I don’t know what the future holds, but things will get radically different and in much less time than we might expect.

How is it different?

Let’s talk about text-to-text large language models1. Given a piece of input text, it will respond with text that is very coherent is difficult to differentiate from a human. It is not limited to any domain. It is so good at following instructions that it can write essays, stories, poetry, humor, code, pass professional certification exams. People have described it as a stochastic parrot. But it seems to have a model of the world that it bases its responses on. How does it represent and understand that text?

💻 Every step change in computing has been made possible by shifting how data is abstracted.

GPT-3 and 4 were built with neural networks2 trained on text from the internet. Neural nets are infamously known as black boxes. You can set up an optimal number of layers and neurons, but we don’t fully understand their internal workings.

However, you don’t need an understand of their internal workings to make the models work for your specific use case. There are two main ways to steer the model in the direction you want: fine tuning and/or embeddings.

Fine tuning is a pretty simple concept. To improve the performance of the model at a certain task, you provide prompt-response pairs to improve its performance on a particular task. Here’s an example of fine-tuning to categorize text :

{"prompt": "The ball went into the net", "completion": "Soccer"}
{"prompt": "He dribbled the ball down the court.", "completion": "Basketball"}
{"prompt": "Categorize the following statement: 'He hit a home run over the outfield fence.", "completion": "Baseball"}
{"prompt": "He swung the club and hit the ball into the fairway.", "completion": "Golf"}
{"prompt": "She scored a goal from outside the penalty area.", "completion": "Soccer"}
{"prompt": "He made a three-point shot from downtown.", "completion": "Basketball"}
{"prompt": "The pitcher threw a fastball for a strike.", "completion": "Baseball"}
{"prompt": "They spiked the ball over the net and won the point.", "completion": "Volleyball"}
{"prompt": "He sank a putt to win the match.", "completion": "Golf"}
{"prompt": "The referee issued a yellow card for a foul.", "completion": "Soccer"}
{"prompt": "He made a slam dunk over the defender.", "completion": "Basketball"}
{"prompt": "The batter hit a line drive into the outfield.", "completion": "Baseball"}
{"prompt": "They bumped, set, and spiked the ball over the net.", "completion": "Volleyball"}
{"prompt": "He chipped the ball onto the green and made a birdie.", "completion": "Golf"}

How about embeddings?

🕸️ An embedding is a numerical representation of data as points in n-dimensional space to enable retrieval and similarity searching.
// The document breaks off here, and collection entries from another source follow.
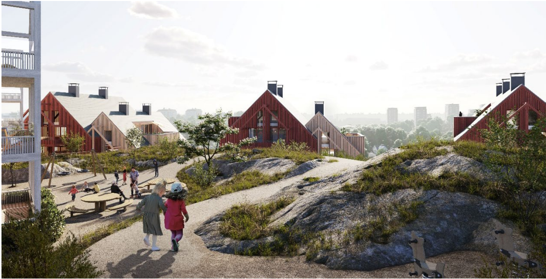
Vy mot de föreslagna bostadshusen sett från den föreslagna förskolegården.

Detaljplanen är en viktig pusselbit i att möjliggöra utbyggnaden av ett kommunalt VA-nät för befintliga bostadsrättsföreningar på Finnberget, som är belägna utanför planområdet. Detta eftersom Finnbergsvägen genom detaljplanen övergår i kommunal ägo vilket ger kommunen rådighet över att förlägga ledningar i Finnbergsvägen.
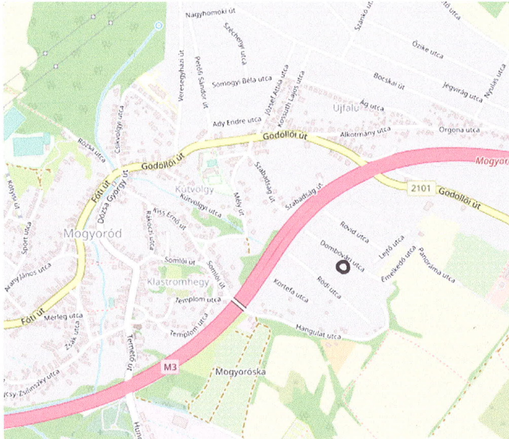
2.ábra Áttekintő térkép Mogyoródról (Fekete kör jelöli a tárgyi ingatlan elhelyezkedését)
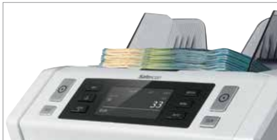
Einlage oben für einen kontinuierlichen Einzug

Spart Zeit und eliminiert das Fehlerrisiko komplett. Der große Aufnahmetrichter des Safescan 2660-S und 2680-S kann bis zu 500 Banknoten aufnehmen und drei anpassbare Geschwindigkeiten bieten Ihnen ein Maximum an Flexibilität, Zuverlässigkeit und Effizienz - mit bis zu 1.500 Scheinen pro Minute. Der obenliegende Aufnahmetrichter des Safescan 2660-S und 2680-S erlaubt einen kontinuierlichen Einzug von Banknoten während des Betriebes - ideal zum Einsatz unter Bedingungen, wo Zeit und eine 100%ige Genauigkeit von höchster Wichtigkeit sind.
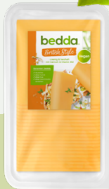
86 | BEDDA Scheiben British Style, 500g Art.-Nr.: A009090 VPE: 12 Stück
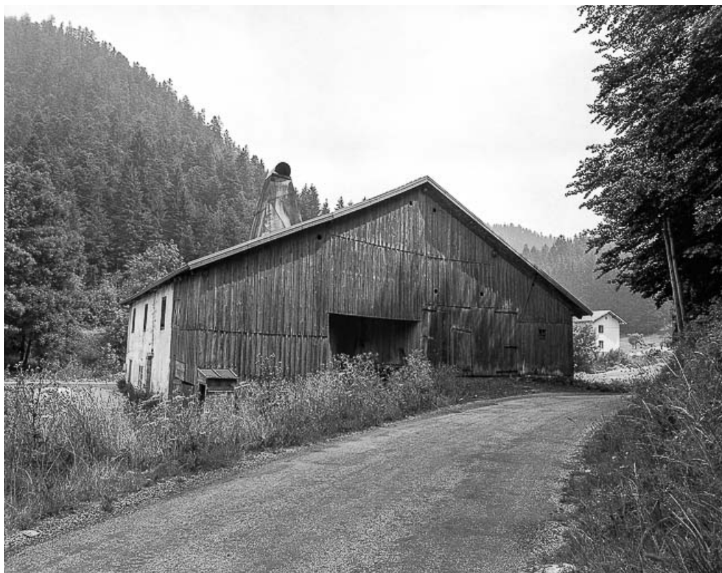
Ferme située au lieu-dit Le Dessus de la Fin, cadastrée A1 115 : facade latérale droite. 25, Les Gras
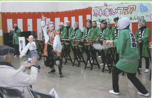
(左上から) 水戸内原吹奏楽団演奏、高齢者クラブ連合会による遊び体験コーナー、双葉祭囃子愛好会、社会福祉協議会双葉台支部による歳末助け合い募金活動
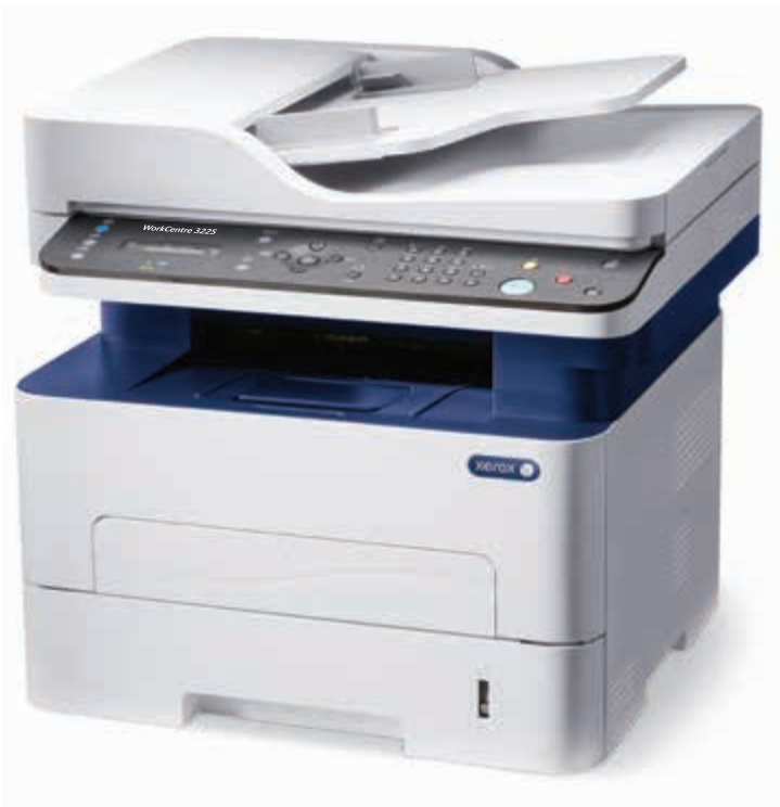
WorkCentre 3225. Copiere. Imprimare. Scanare. Fax. E-mail.
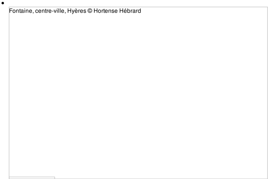
Fontaine, centre-ville, Hyères

Le patrimoine rural a façonné en partie l'image du territoire de Toulon Provence Méditerranée. Valorisé au travers de visites patrimoniales, il contribue à la valeur attractive des villes et villages. Il est important de ne pas perdre l'authenticité de chaque édifice.
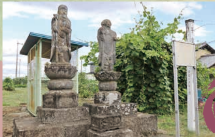
■子育て地藏 MAP I-5

佐渡街道と伊香保道との分岐点に建つ道しるべ。「右えちご左いかほ」と刻まれています。
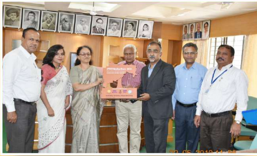
महा WALKATHON 2018

Say I want to store data about a soccer team’s players so that the model can have useful context to answer questions about them. How do I store that data?

A simple way to store the data would be to represent the players by their jersey numbers. But that would not give our model any context other than, the positions of the players on the field.

What if the team was Chelsea’s Champions League winning squad of 2021? Very few of the players have jersey numbers that match their positions on the field.

{
    "Mendy": 16,
    "Azpilicueta": 28,
    "Thiago Silva": 6,
    "Rudiger": 2,
    "James": 24,
    "Kante": 7,
    "Jorginho": 5,
    "Chilwell": 21,
    "Mount": 19,
    "Werner": 11,
    "Havertz": 29
}

I could add that context with another dimension.

{
    "Mendy": [16, 1],
    "Azpilicueta": [28, 4],
    "Thiago Silva": [6, 6],
    "Rudiger": [2, 5],
    "James": [24, 2],
    "Kante": [7, 8],
    "Jorginho": [5, 10],
    "Chilwell": [21, 3],
    "Mount": [19, 7],
    "Werner": [11, 11],
    "Havertz": [29, 9]
}

What if I wanted to include other attributes?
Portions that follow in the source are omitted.